Small business and younger, tech-savvy consumers—these are two market segments that couldn’t be more different. Yet for our purposes, at least, they could be seen as representing two sides of the same coin. For both, there are big obstacles and even bigger opportunities. The key to success on both fronts is to get smarter about what we’re doing.
First, consider the sheer size of the small business market. In a word, it’s big. In fact, with $6 trillion in revenue each year, it’s the second largest economy in the world. That is one huge pie, with profitability enough to go around for everybody. That said, it’s only a ‘market’ in the loosest sense of the term—with some 28 million companies around, it’s too diffuse to identify specific patterns. Besides, it’s a target that’s constantly moving. Thanks to the constant emergence of new online and mobile capabilities, routine best practices and fundamental human behaviors alike keep shifting.
But here are some numbers that should stick with us. Only 14% of small business owners currently use their financial institution’s cash management/business banking solutions. Sad as that sounds, our customers spend 5.4 billion hours each year doing taxes (it takes less time to produce every car, truck and van in the country). And finally, let it be noted that a stunning 66% of small business owners still use personal bank accounts for business.
So that’s what they’re not doing. To get a snapshot of what they could be doing, consider the generational shift. A Digital Insight study of 27 financial institutions found that 84% of mobile bankers fall into what we call the ‘Gen Y’ and ‘Gen X’ categories (to make some of us feel a little older, remember that Gen Y alone will account for close to half of the nation’s personal income within the next 10 years.) This is one ripe demographic.
And how does this translate into tech-savvy behavior that benefits them and us? Online banking customers have 13% more accounts than their offline counterparts.

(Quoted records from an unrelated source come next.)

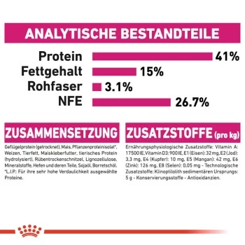 Einige wählerische Katzen bevorzugen Futter mit einem hohen Eiweißgehalt. ROYAL CANIN Protein Exigent bietet das ideale Gleichgewicht zwischen Eiweiß, Kohlenhydraten und Fett, um den Appetit von Katzen mit dieser besonderen Vorliebe anzuregen und zu befriedigen. L.I .P.*-Proteine sind wegen ihrer hohen Verdaulichkeit ebenfalls enthalten.
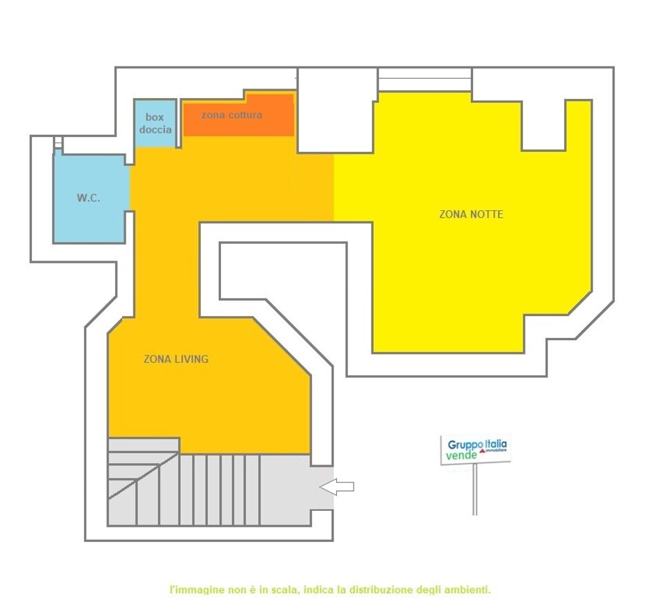Appartamento Open Space che offre una zona living e una zona notte ben separate e un bagno.
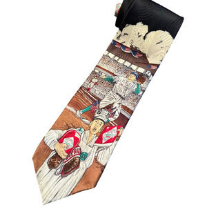 Vintage Tabasco novelty tie – 100% silk, made in USA. Baseball stadium design with bold graphics, oversized Tabasco bottles + player artwork. Perfect statement tie for sports fans, hot sauce lovers, or collectors of quirky vintage.
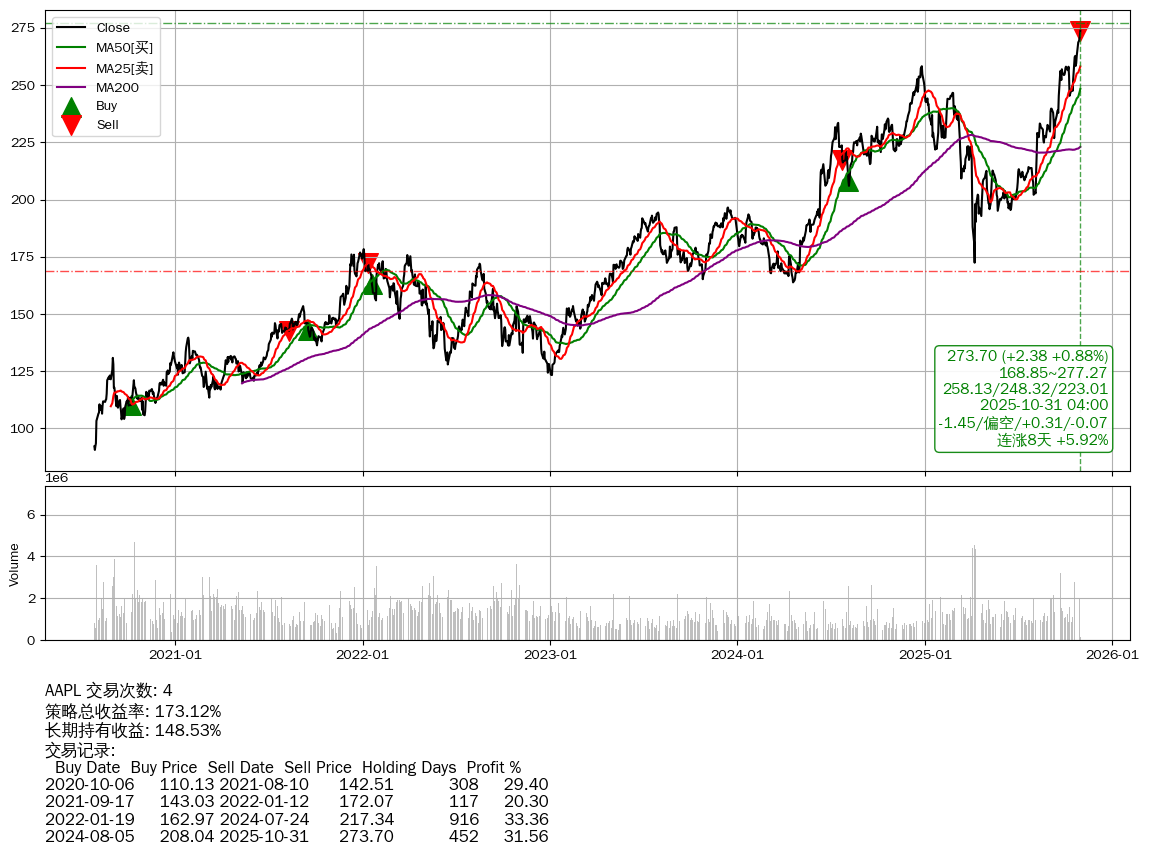 | 16 | ★AAPL | $270.25(-1.04 -0.38% 2025-10-31 14:59) | 📈涨破 52周高点 (277.27) 📈连涨8天 +5.92% | +173.12% | +148.53% | +24.59% | 4 | 偏空/0.31/-0.07 | 2020-07-27~2025-10-31 |

In fact, online banking customers conduct 59% more debit card purchases and have a 7% higher annual retention than offline customers. Going one level deeper, consider the difference in log-ins: for online banking users, the number is 9.73; for online and mobile users, it’s 18.87; and for online, mobile and tablet users, it’s 29.05.
We may be sick of hearing it, but mobile is a particularly big deal. These consumers conduct 40% more monthly debit card purchases than online non-mobile consumers. Even more significantly, mobile consumers access their financial information 65% more frequently than online non-mobile users.
Underlying all these changes is an even more fundamental shift, and it’s from consuming credit to managing cash. Basically, business customers of every kind want simplified workflows with greater access to financial information and tools, ranging from payments capabilities to asset management. Do traditional cash management solutions do the job? Or are they too complex to meet emerging business needs?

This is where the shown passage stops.